··· Collected material
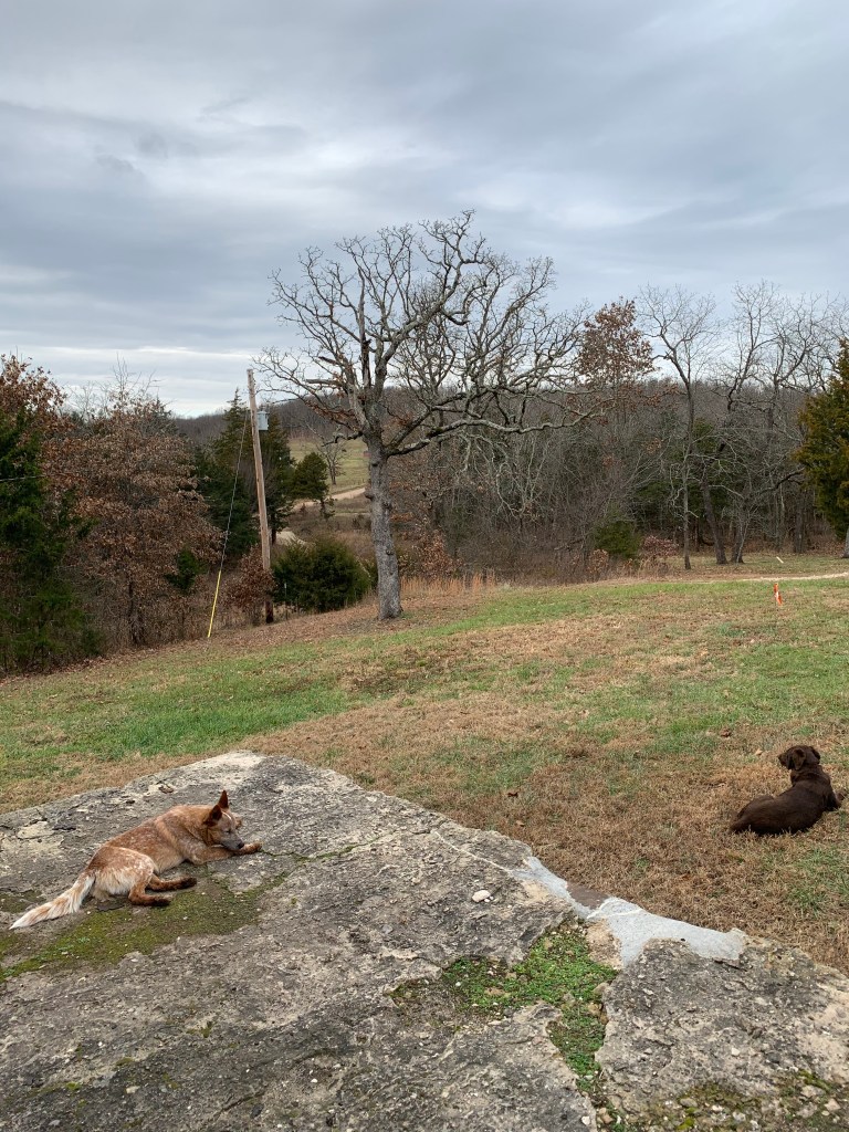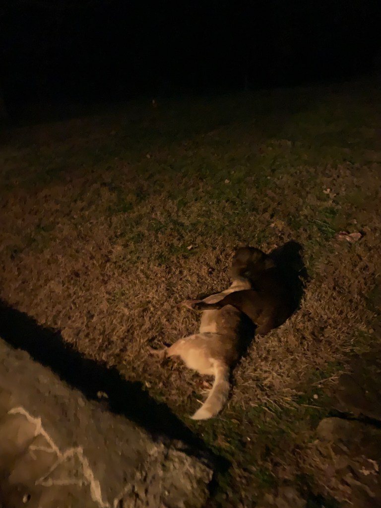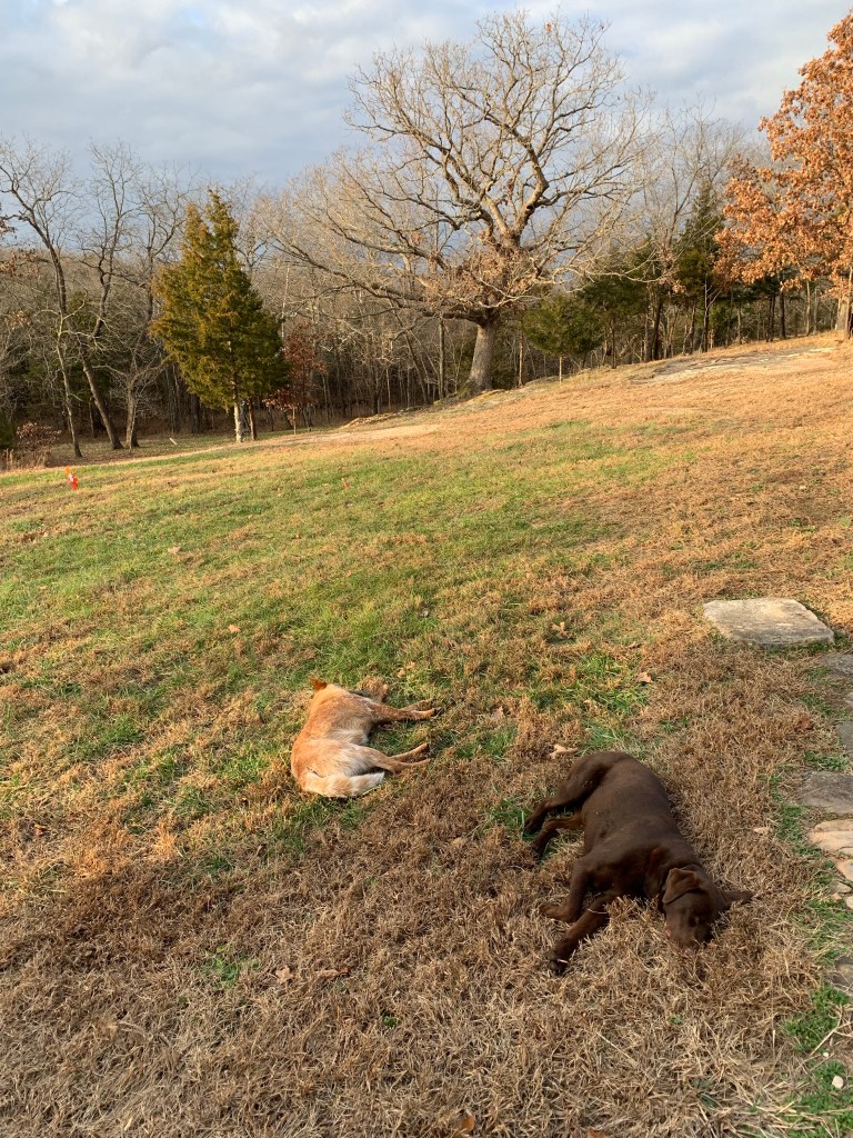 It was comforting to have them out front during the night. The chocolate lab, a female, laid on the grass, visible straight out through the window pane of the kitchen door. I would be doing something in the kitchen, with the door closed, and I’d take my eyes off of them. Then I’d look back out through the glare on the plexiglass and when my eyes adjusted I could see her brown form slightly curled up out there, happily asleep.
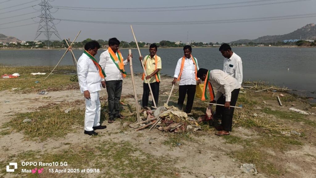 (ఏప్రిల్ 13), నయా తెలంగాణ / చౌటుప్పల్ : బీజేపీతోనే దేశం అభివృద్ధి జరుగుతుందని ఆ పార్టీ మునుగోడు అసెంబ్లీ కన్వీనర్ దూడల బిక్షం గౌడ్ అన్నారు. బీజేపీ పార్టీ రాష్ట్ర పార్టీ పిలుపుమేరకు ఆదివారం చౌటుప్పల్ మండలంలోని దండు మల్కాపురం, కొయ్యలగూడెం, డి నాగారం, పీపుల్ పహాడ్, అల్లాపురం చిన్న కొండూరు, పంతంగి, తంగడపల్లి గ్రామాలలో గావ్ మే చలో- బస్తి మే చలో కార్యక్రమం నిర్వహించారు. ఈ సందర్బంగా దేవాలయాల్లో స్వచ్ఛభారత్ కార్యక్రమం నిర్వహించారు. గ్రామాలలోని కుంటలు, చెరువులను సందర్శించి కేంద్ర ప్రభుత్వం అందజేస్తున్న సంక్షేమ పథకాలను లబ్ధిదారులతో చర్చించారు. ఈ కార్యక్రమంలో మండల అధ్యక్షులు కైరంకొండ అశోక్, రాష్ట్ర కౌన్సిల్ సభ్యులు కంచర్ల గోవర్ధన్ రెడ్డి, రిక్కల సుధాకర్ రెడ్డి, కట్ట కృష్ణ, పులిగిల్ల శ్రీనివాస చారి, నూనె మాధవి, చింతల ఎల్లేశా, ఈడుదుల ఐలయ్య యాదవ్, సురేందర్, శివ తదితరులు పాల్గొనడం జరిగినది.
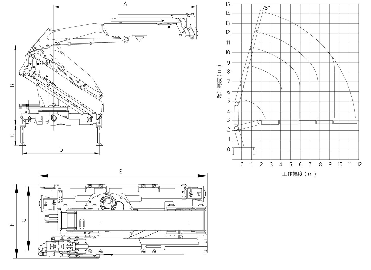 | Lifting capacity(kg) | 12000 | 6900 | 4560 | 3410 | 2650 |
······
▶ Your task: Write the listing above out again word for word, excluding all images.

▶ Problem solution:
 It was comforting to have them out front during the night. The chocolate lab, a female, laid on the grass, visible straight out through the window pane of the kitchen door. I would be doing something in the kitchen, with the door closed, and I’d take my eyes off of them. Then I’d look back out through the glare on the plexiglass and when my eyes adjusted I could see her brown form slightly curled up out there, happily asleep.
 (ఏప్రిల్ 13), నయా తెలంగాణ / చౌటుప్పల్ : బీజేపీతోనే దేశం అభివృద్ధి జరుగుతుందని ఆ పార్టీ మునుగోడు అసెంబ్లీ కన్వీనర్ దూడల బిక్షం గౌడ్ అన్నారు. బీజేపీ పార్టీ రాష్ట్ర పార్టీ పిలుపుమేరకు ఆదివారం చౌటుప్పల్ మండలంలోని దండు మల్కాపురం, కొయ్యలగూడెం, డి నాగారం, పీపుల్ పహాడ్, అల్లాపురం చిన్న కొండూరు, పంతంగి, తంగడపల్లి గ్రామాలలో గావ్ మే చలో- బస్తి మే చలో కార్యక్రమం నిర్వహించారు. ఈ సందర్బంగా దేవాలయాల్లో స్వచ్ఛభారత్ కార్యక్రమం నిర్వహించారు. గ్రామాలలోని కుంటలు, చెరువులను సందర్శించి కేంద్ర ప్రభుత్వం అందజేస్తున్న సంక్షేమ పథకాలను లబ్ధిదారులతో చర్చించారు. ఈ కార్యక్రమంలో మండల అధ్యక్షులు కైరంకొండ అశోక్, రాష్ట్ర కౌన్సిల్ సభ్యులు కంచర్ల గోవర్ధన్ రెడ్డి, రిక్కల సుధాకర్ రెడ్డి, కట్ట కృష్ణ, పులిగిల్ల శ్రీనివాస చారి, నూనె మాధవి, చింతల ఎల్లేశా, ఈడుదుల ఐలయ్య యాదవ్, సురేందర్, శివ తదితరులు పాల్గొనడం జరిగినది.
 | Lifting capacity(kg) | 12000 | 6900 | 4560 | 3410 | 2650 |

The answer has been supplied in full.